To take advantage of this knowledge, a representation 
of the bury the hatchet idiom must encode the information 
not only that the expression refers to making peace, but 
that the hatchet part of the idiom refers to war or to the 
tools of war. 
As another example where motivation might be useful, 
PHRED now generates John took a punch from Mary and 
Mary gave John a punch without representing the 
common metaphorical derivation of the two sentences. 

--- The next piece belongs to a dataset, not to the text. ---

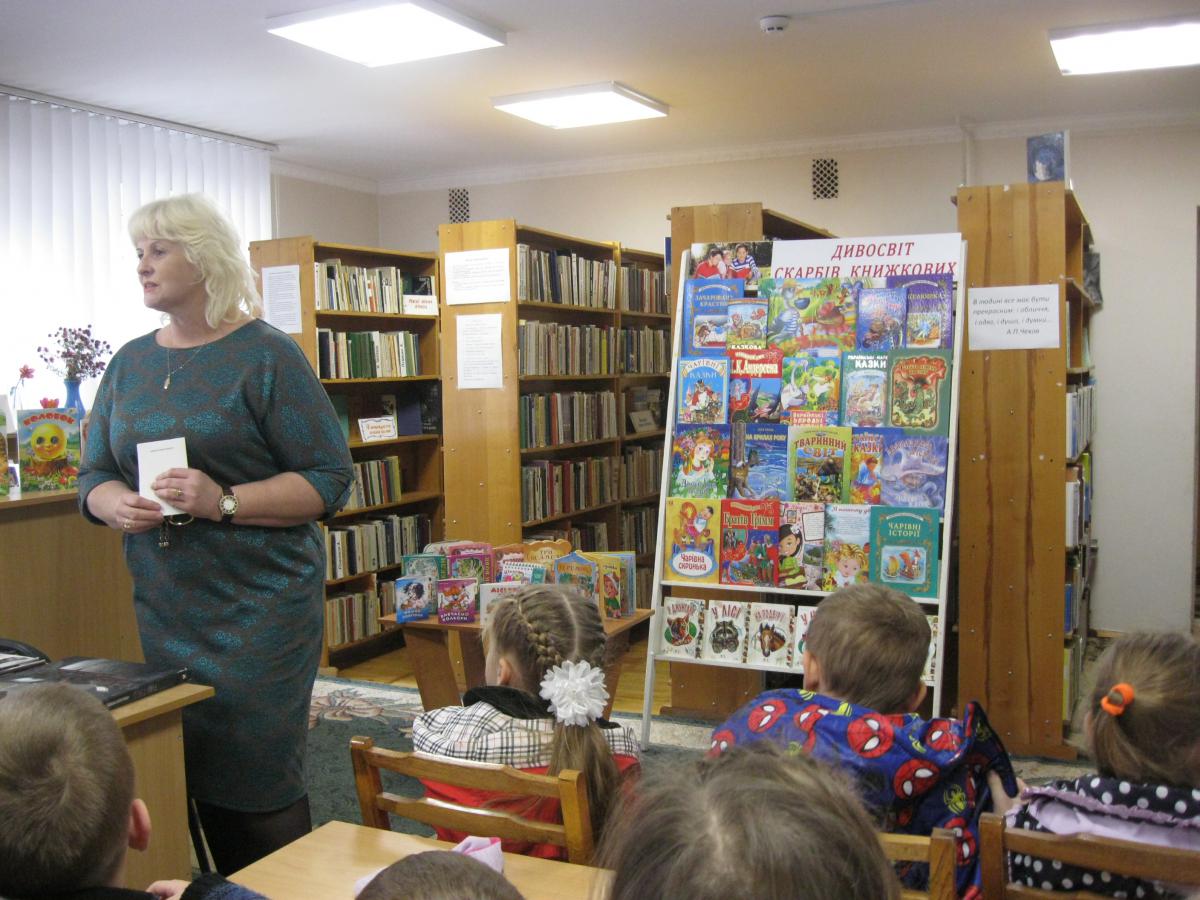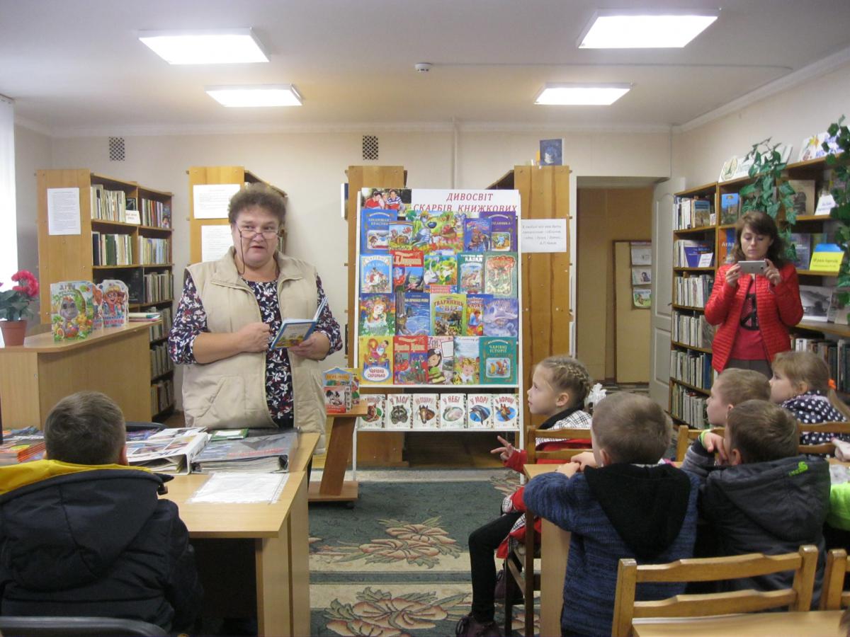 Завідуюча бібліотекою Галина Кузьменко познайомила дітей з бібліотекою та її відділами та розповіла про те, які бувають книги. Бібліотекар Людмила Данчук провела літературну вікторину «З якої ми казки?».

For example, PHRED might have a pattern 
<person> <root = give> <person> <striking-action> 
to produce the sentence Ali gave Frazier a punch. This is 
thus specialized knowledge about giving and a potential 
object. There might also be a pattern 
<person> <root --- take> <striking-action> <<word = 
from> <person>> 
used to produce Frazier took a punch from Ali. Similar 
patterns might exist for getting a punch and receiving a 
punch. Treating these patterns independently seems 
cognitively unrealistic, because motivated phrases are in 
general easier to use and remember, and inefficient, since 
a more general representation of the striking as transfer 
metaphor might eliminate the need for some of the 
specialized knowledge about each of the patterns. While 
knowing the motivation does not obviate entirely the 
need for specialized knowledge, it can lead to a more 
parsimonious encoding of the specialized knowledge. 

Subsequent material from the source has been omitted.